Sexual behavior data
For our study, data from the YRBS provided estimates for changes in sexual experience (ever had sexual intercourse), current sexual activity (sexual intercourse during the past 3 months), and method of contraceptive use at last sexual intercourse for the years 1991 to 2001. By combining the data from the two questions on contraceptive and condom use, the rates of dual use were calculated. The YRBS questions on condom and contraceptive use have been consistently worded during this period, although Depo-Provera was first added as a response category in 1999. Norplant is not listed as a response category; NSFG data from 1995 suggest that Norplant use among younger teens is relatively low [10]. We limited data to women aged 15 to 17 years because this age group is well represented in the YRBS and pregnancy data are available for this age group.

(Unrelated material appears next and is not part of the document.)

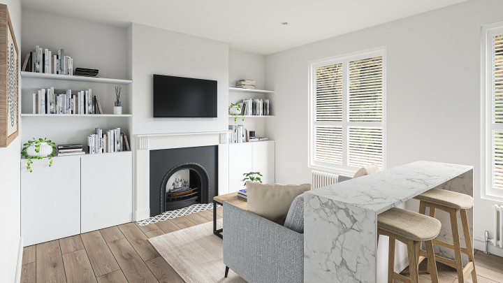 The split-level property also benefits from: restored period features throughout, including cast iron fireplaces, traditional radiators and plantation shutters; a modern designer kitchen including brand new integrated appliances and smart home devices, all with manufacturers warranties; permit free on street parking; and the option for a ground floor private cycle storage unit.

Contraceptive failure rates
The NSFG provided information to calculate contraceptive failure rates (CFRs), which are used to describe the efficacy of specific methods of contraception in preventing pregnancy. Typical-use CFRs are life table estimates of the number of pregnancies occurring among 100 women using a specific contraceptive method over a 12-month period, as the method is commonly used. Published failure rates for the first year of typical use of specific contraceptive methods were used [30]. These failure rates were calculated by combining samples from the 1988 and 1995 NSFG and were adjusted for underreporting of abortion. (Failure rates were not statistically significantly different between the 2 years.) CFRs for specific contraceptive methods varied widely (Table 1). Remarkably, method-specific rates for teens aged 15 to 17 years were similar to women overall, whereas rates did vary considerably by race and ethnicity. Method-specific CFRs stratified by both age and race and ethnicity were not available; instead, we used race- and ethnic-specific rates for all women. Recent data for the failure rate for nonuse of contraception were not available; this failure rate was based on data from Trussell [31]. A small percentage (3% to 5%) of the women reported “some other method” or “not sure” as their method at last intercourse. Women who were not sure were assigned the failure rate for no method use. For women reporting some other method, we assigned the overall CFR (Table 4 in [30]). Failure rates for the combined method at last intercourse (i.e., condom and pill or injection and condom) were estimated by multiplying the method-specific failure rates for the two methods.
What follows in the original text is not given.